-------- AVAILABLE DATA

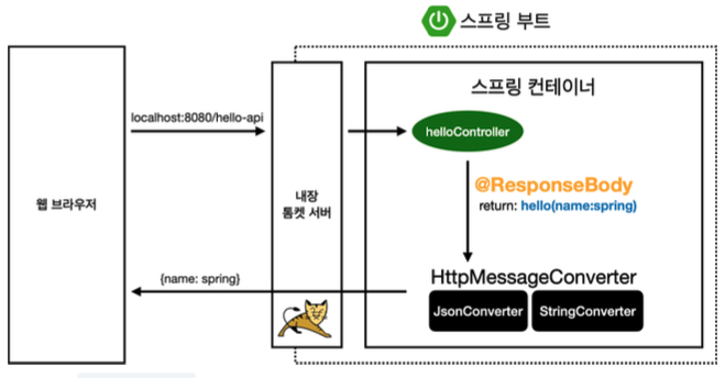 아래의 코드에서 @ResponseBody 어노테이션이 있어서, 스프링은 HTTP Message의 Body에 데이터를 실어서 응답을 하도록 한다. 해당 요청은 HTML 파일과 같이 렌더링한 뷰를 요청한 작업이 아니기 때문에, 위에서 처럼 컨트롤러에서 ViewResolver에게 요청을 넘기지 않고 HTTPMessageConverter에게 넘긴다.
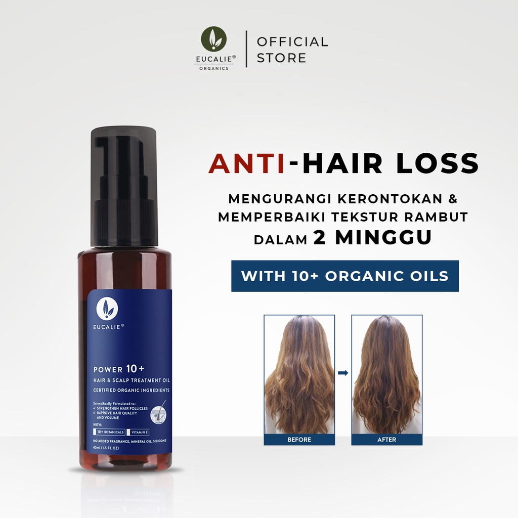 Eucalie Organic Hair Growth Oil & Scalp Treatment - Power 10+ (Rontok, Rusak, Ketombe, Sensitif)
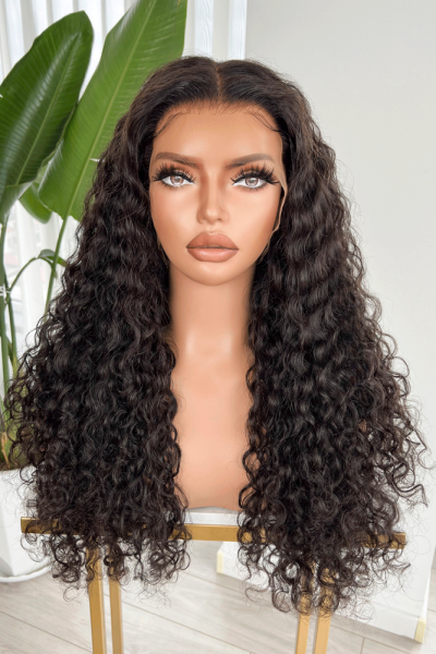 باروكة شعر طبيعي مموج فروة HD طول 20 انش كثافة عالية
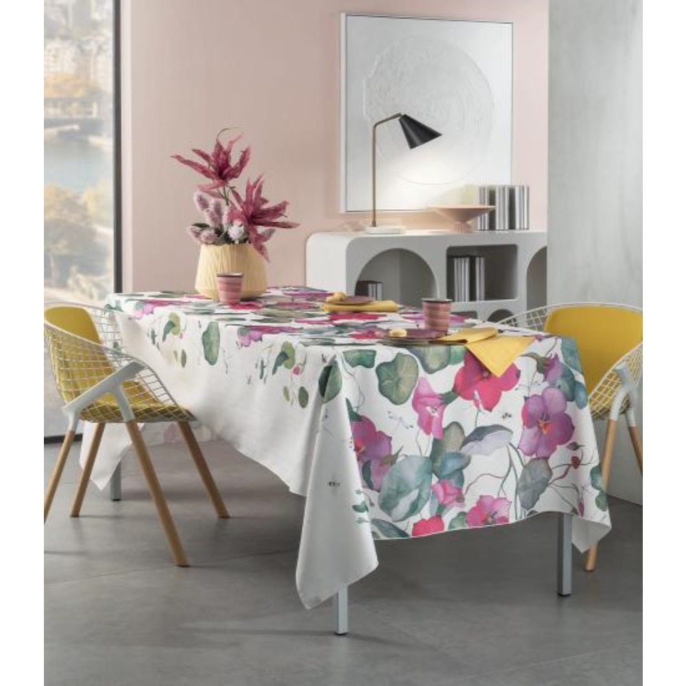Tablecloths in stain-resistant and waterproof yarn: soft, nice to the touch, 100% made in Italy, to furnish interiors with style and functionality. With exclusive decorations, they are available for 4, 6, 8, 10 or 12 places or as 2-place runners and they can be combined with napkins of plain linen and cotton.
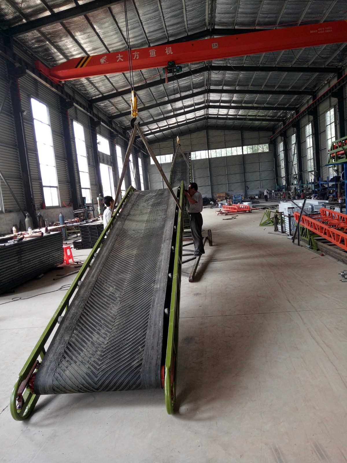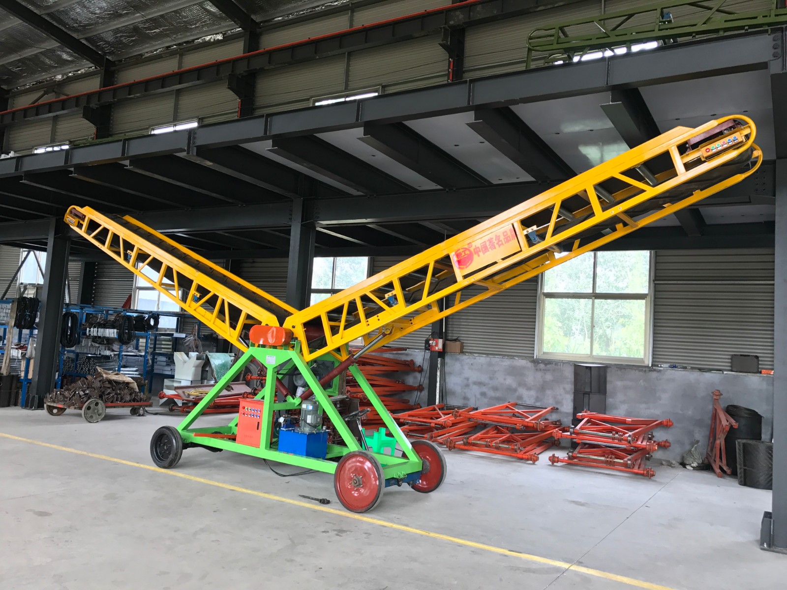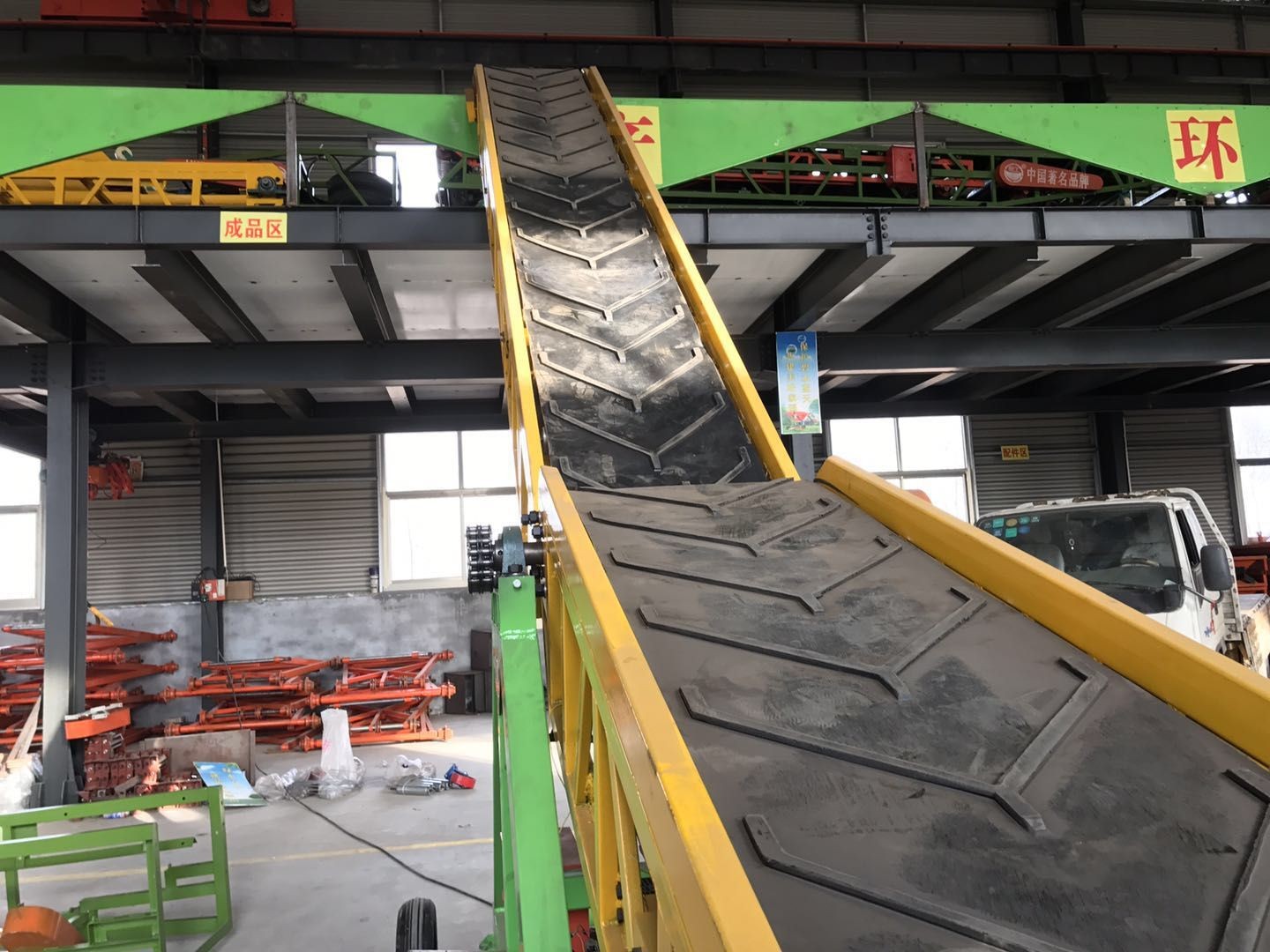 帶式伸縮輸送機(jī)是一種摩擦驅(qū)動(dòng)連續(xù)輸送作業(yè)的輸送設(shè)備。它由纏繞在驅(qū)動(dòng)滾筒和反轉(zhuǎn)滾筒周圍的環(huán)形帶組成,固定在機(jī)架的上下支承輥上。它由皮帶、主動(dòng)滾筒、張緊裝置(包括張緊滾筒)、托輥和傳動(dòng)裝置組成。從…皮帶通過張緊裝置在兩個(gè)滾筒之間張緊。當(dāng)傳動(dòng)裝置帶動(dòng)滾筒轉(zhuǎn)動(dòng)時(shí),…
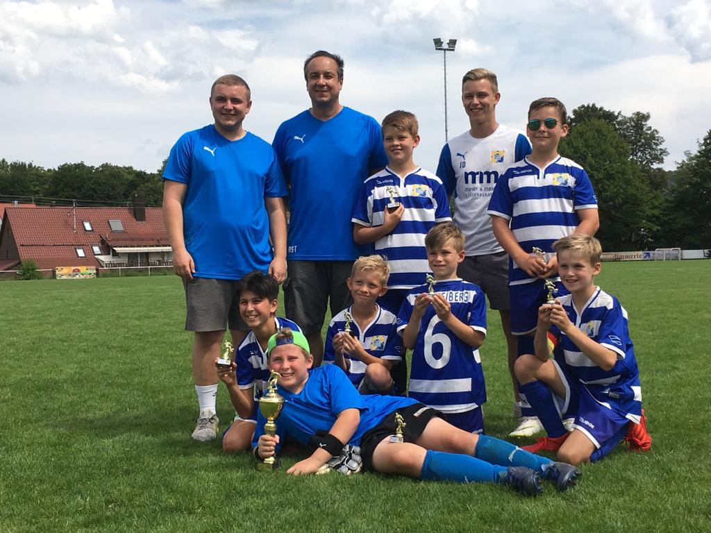 Bei der E3 musste Trainer Matze im Tor improvisieren und so musste jeder der 10 Jungs mindestens einmal ins Tor. In der Gruppenphase zeigten die Jungs einige gute Ansätze, konnten aber spielerisch und läuferisch noch nicht ganz mithalten und brachten sich das ein oder andere Mal durch einfache Fehler selbst auf die Verliererstraße. Die Mannschaft überzeugte trotzdem durch ihr mannschaftliches Auftreten und holte sich im letzten Spiel noch einen verdienten 5:2-Erfolg und schloss das Turnier auf Platz 11 ab.
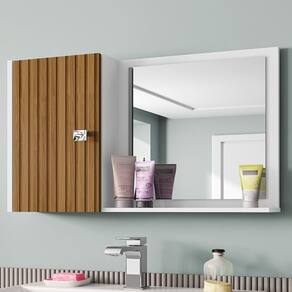 Cor: Multicolorido | Altura: 47 cm | Largura: 57 cm | Peso do produto: 6 kg | Tonalidade: Multicolorido | Produto: Armario Espelheira | Material: MDP Cor: Branco Ripado
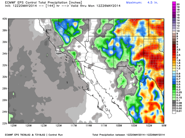 Check out model projections for our incoming storm. Broadly the east could pick up 1"-2" of rain thru Mon. #nmwxpic.twitter.com/bLrydRSkUC
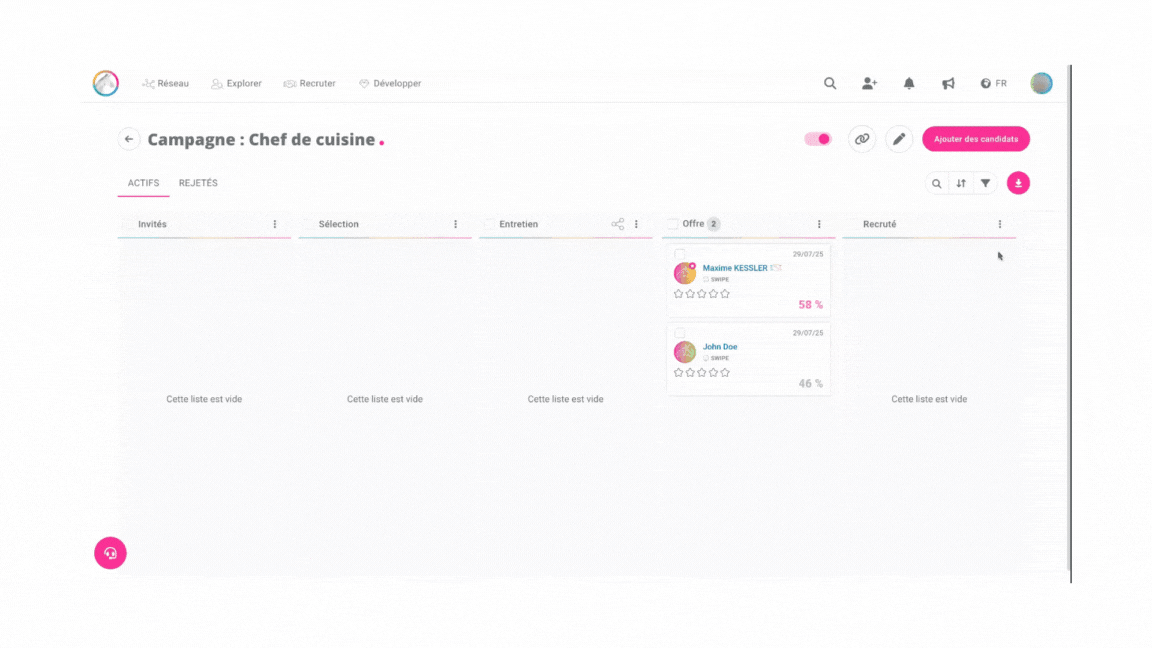 Pour faire avancer un candidat : glissez sa carte dans une autre colonne.
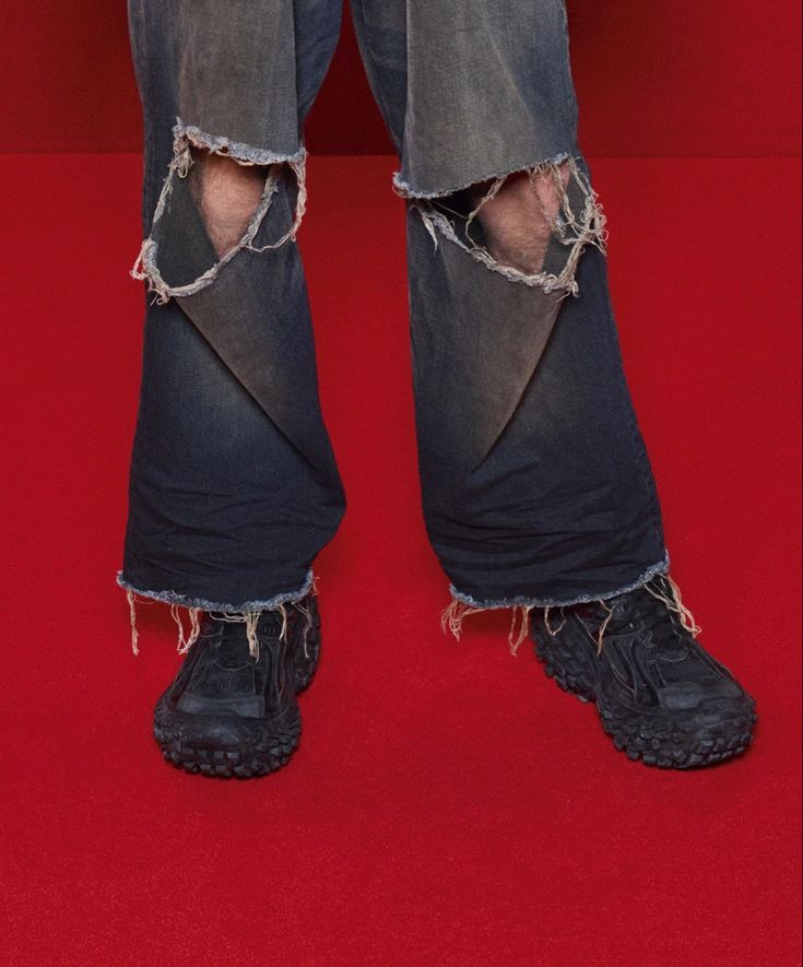발렌시아가의 웨이브로고 후드티와 와이드한 핏의 데미지 데님
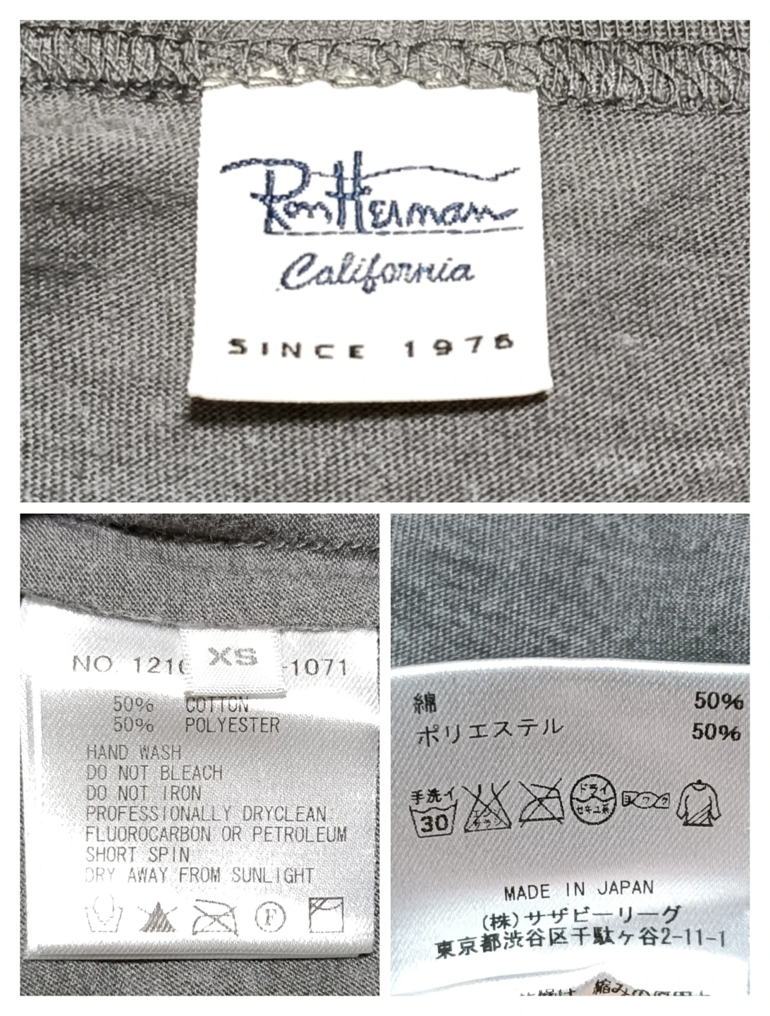 ロンハーマン Ron Herman Vネック Tシャツ グレー XS 日本製
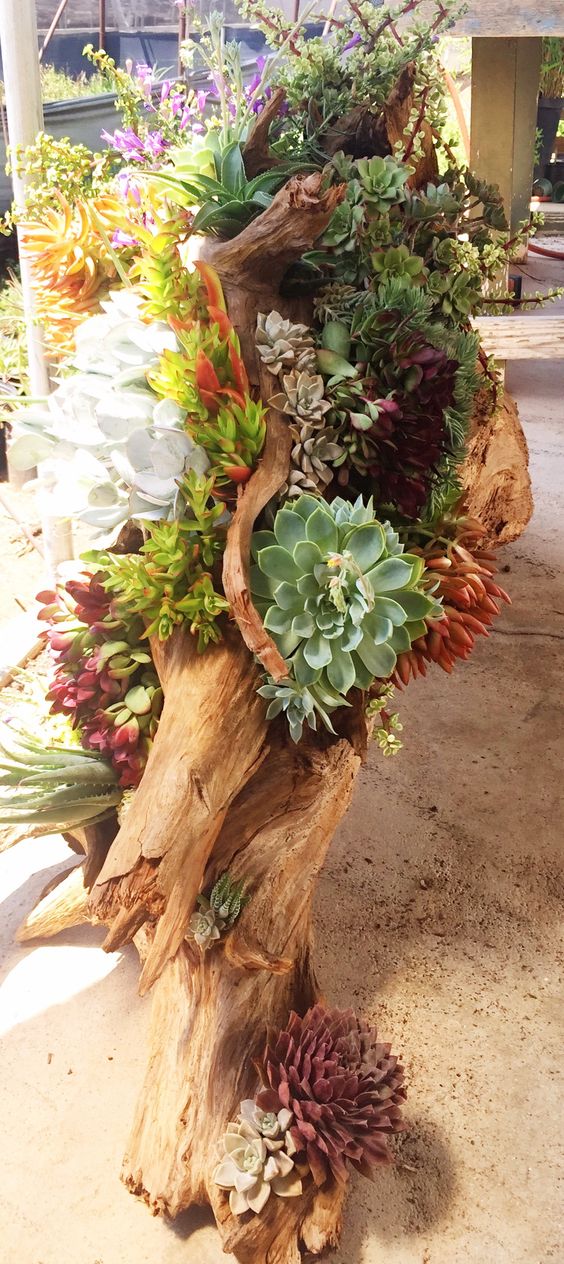 Wonderful succulents that are bedded into a 500 year old driftwood
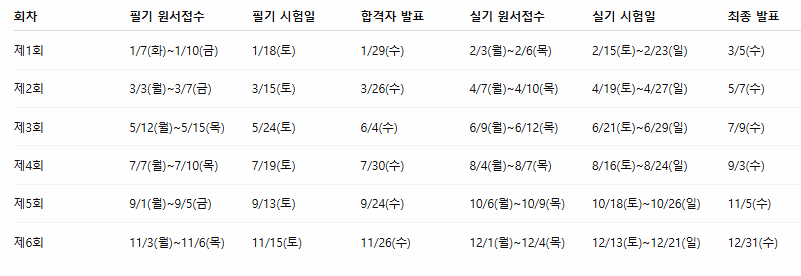2025년 일정을 파악하여 체계적으로 공부하여 성과가 있길 바랍니다.
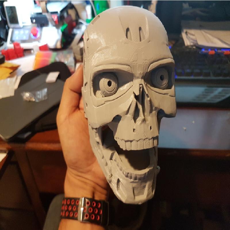 I like this "Thingi" (Thank you DEL_1979) but, after one failed print attempt, I thought it was too difficult for my inexpensive printer. So I cut the front half of the skull into two pieces (Headache), and removed some of the floating unattached parts of the model. This is sliced in such a way as to eliminate the need for supports for the large cavity inside. I still recommend supports for the other features. I added some locating studs, so it should just snap together. At least mine did.
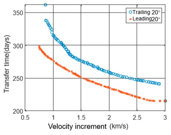 The satellites leave the Earth’s parking orbit on 1 April 2026. The Pareto curve of the optimal solutions is shown in Figure 4. In practice, due to the limited capacity of the satellites to carry fuel, the velocity increment should not be too large, so we only consider the situation of a velocity increment less than 1 km/s. When the formation trails the Earth by 20°, the required velocity increment of a single satellite ranges between 0.8582 and 1 km/s, and the transfer time is 315 to 362 days. When the formation leads the Earth by 20°, the required velocity increment of a single satellite is 0.7487 to 1 km/s and the transfer process lasts 276 to 298 days. The initial phase angles of the formation corresponding to the minimal velocity increment of Earth-trailing and -leading transfers are 111° and 83°, respectively.

----------------

WORK INSTRUCTION:
Copy each line of the records precisely and drop any images they hold.

EXERCISE ANSWER:
 아래의 코드에서 @ResponseBody 어노테이션이 있어서, 스프링은 HTTP Message의 Body에 데이터를 실어서 응답을 하도록 한다. 해당 요청은 HTML 파일과 같이 렌더링한 뷰를 요청한 작업이 아니기 때문에, 위에서 처럼 컨트롤러에서 ViewResolver에게 요청을 넘기지 않고 HTTPMessageConverter에게 넘긴다.
 Eucalie Organic Hair Growth Oil & Scalp Treatment - Power 10+ (Rontok, Rusak, Ketombe, Sensitif)
 باروكة شعر طبيعي مموج فروة HD طول 20 انش كثافة عالية
Tablecloths in stain-resistant and waterproof yarn: soft, nice to the touch, 100% made in Italy, to furnish interiors with style and functionality. With exclusive decorations, they are available for 4, 6, 8, 10 or 12 places or as 2-place runners and they can be combined with napkins of plain linen and cotton.
 帶式伸縮輸送機(jī)是一種摩擦驅(qū)動(dòng)連續(xù)輸送作業(yè)的輸送設(shè)備。它由纏繞在驅(qū)動(dòng)滾筒和反轉(zhuǎn)滾筒周圍的環(huán)形帶組成,固定在機(jī)架的上下支承輥上。它由皮帶、主動(dòng)滾筒、張緊裝置(包括張緊滾筒)、托輥和傳動(dòng)裝置組成。從…皮帶通過張緊裝置在兩個(gè)滾筒之間張緊。當(dāng)傳動(dòng)裝置帶動(dòng)滾筒轉(zhuǎn)動(dòng)時(shí),…
 Bei der E3 musste Trainer Matze im Tor improvisieren und so musste jeder der 10 Jungs mindestens einmal ins Tor. In der Gruppenphase zeigten die Jungs einige gute Ansätze, konnten aber spielerisch und läuferisch noch nicht ganz mithalten und brachten sich das ein oder andere Mal durch einfache Fehler selbst auf die Verliererstraße. Die Mannschaft überzeugte trotzdem durch ihr mannschaftliches Auftreten und holte sich im letzten Spiel noch einen verdienten 5:2-Erfolg und schloss das Turnier auf Platz 11 ab.
 Cor: Multicolorido | Altura: 47 cm | Largura: 57 cm | Peso do produto: 6 kg | Tonalidade: Multicolorido | Produto: Armario Espelheira | Material: MDP Cor: Branco Ripado
 Check out model projections for our incoming storm. Broadly the east could pick up 1"-2" of rain thru Mon. #nmwxpic.twitter.com/bLrydRSkUC
 Pour faire avancer un candidat : glissez sa carte dans une autre colonne.
발렌시아가의 웨이브로고 후드티와 와이드한 핏의 데미지 데님
 ロンハーマン Ron Herman Vネック Tシャツ グレー XS 日本製
 Wonderful succulents that are bedded into a 500 year old driftwood
2025년 일정을 파악하여 체계적으로 공부하여 성과가 있길 바랍니다.
 I like this "Thingi" (Thank you DEL_1979) but, after one failed print attempt, I thought it was too difficult for my inexpensive printer. So I cut the front half of the skull into two pieces (Headache), and removed some of the floating unattached parts of the model. This is sliced in such a way as to eliminate the need for supports for the large cavity inside. I still recommend supports for the other features. I added some locating studs, so it should just snap together. At least mine did.
 The satellites leave the Earth’s parking orbit on 1 April 2026. The Pareto curve of the optimal solutions is shown in Figure 4. In practice, due to the limited capacity of the satellites to carry fuel, the velocity increment should not be too large, so we only consider the situation of a velocity increment less than 1 km/s. When the formation trails the Earth by 20°, the required velocity increment of a single satellite ranges between 0.8582 and 1 km/s, and the transfer time is 315 to 362 days. When the formation leads the Earth by 20°, the required velocity increment of a single satellite is 0.7487 to 1 km/s and the transfer process lasts 276 to 298 days. The initial phase angles of the formation corresponding to the minimal velocity increment of Earth-trailing and -leading transfers are 111° and 83°, respectively.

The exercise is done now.